Could you retype the records word for word but without any pictures?

▶ **PROVIDED MATERIAL**:
····················

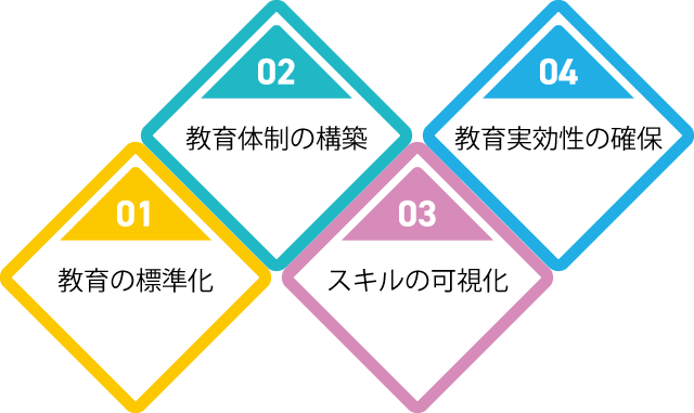 部署や担当者によってばらついているルールや教育方法を統一し、組織全体で一貫したスキル育成を行うことで、教育の質を向上させ、人・場所を問わず学んでも同じレベルの知識・スキルが得られる環境を整えることができます。特に従業員数の多い企業や、人材の流動性が高い組織では重要な取り組みです。
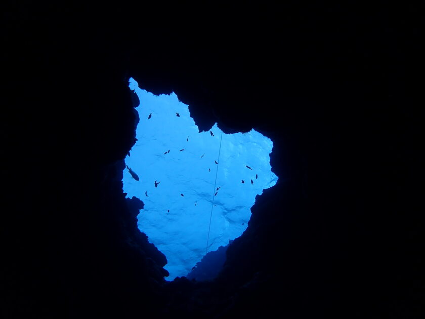 闇を抜けた先に広がる、吸い込まれるようなコバルトブルー。洞窟の中から見上げる水面の輝きと、魚たちのシルエットが織りなす光景は、まさに自然が作った芸術作品。
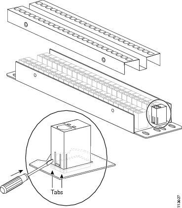 Using a small flat-blade screwdriver, press in on the two tabs, shown in Figure 3, to release the individual cable splitter, and carefully remove the individual cable splitter from the panel.
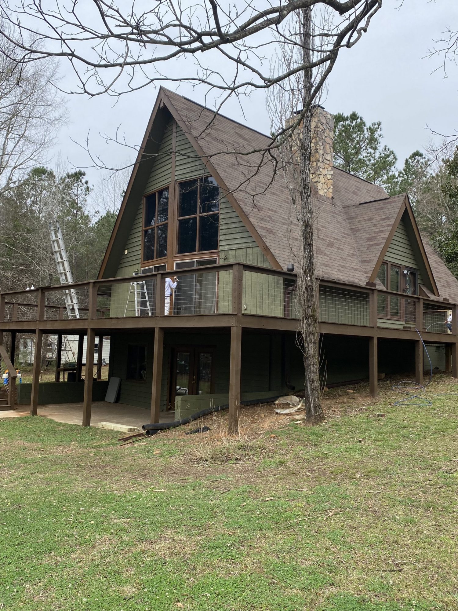 CertaPro Painters® of Columbus, GA and Auburn, AL turned this aged brown building into a rustic green masterpiece!
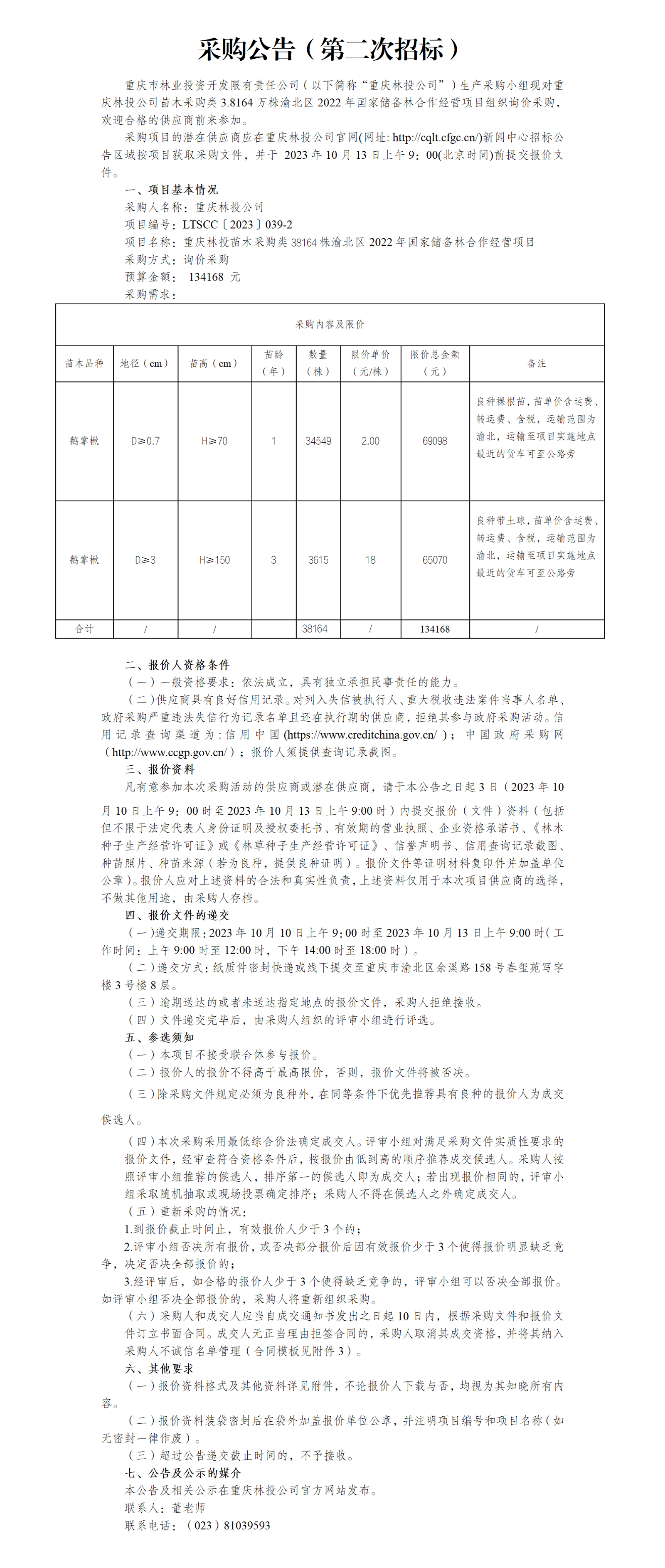 采购公告(第二次招标):鹅掌楸38164株渝北区2022年国家储备林合作经营项目

····················

▶ **RESULT OF THIS TASK**:
 部署や担当者によってばらついているルールや教育方法を統一し、組織全体で一貫したスキル育成を行うことで、教育の質を向上させ、人・場所を問わず学んでも同じレベルの知識・スキルが得られる環境を整えることができます。特に従業員数の多い企業や、人材の流動性が高い組織では重要な取り組みです。
 闇を抜けた先に広がる、吸い込まれるようなコバルトブルー。洞窟の中から見上げる水面の輝きと、魚たちのシルエットが織りなす光景は、まさに自然が作った芸術作品。
 Using a small flat-blade screwdriver, press in on the two tabs, shown in Figure 3, to release the individual cable splitter, and carefully remove the individual cable splitter from the panel.
 CertaPro Painters® of Columbus, GA and Auburn, AL turned this aged brown building into a rustic green masterpiece!
 采购公告(第二次招标):鹅掌楸38164株渝北区2022年国家储备林合作经营项目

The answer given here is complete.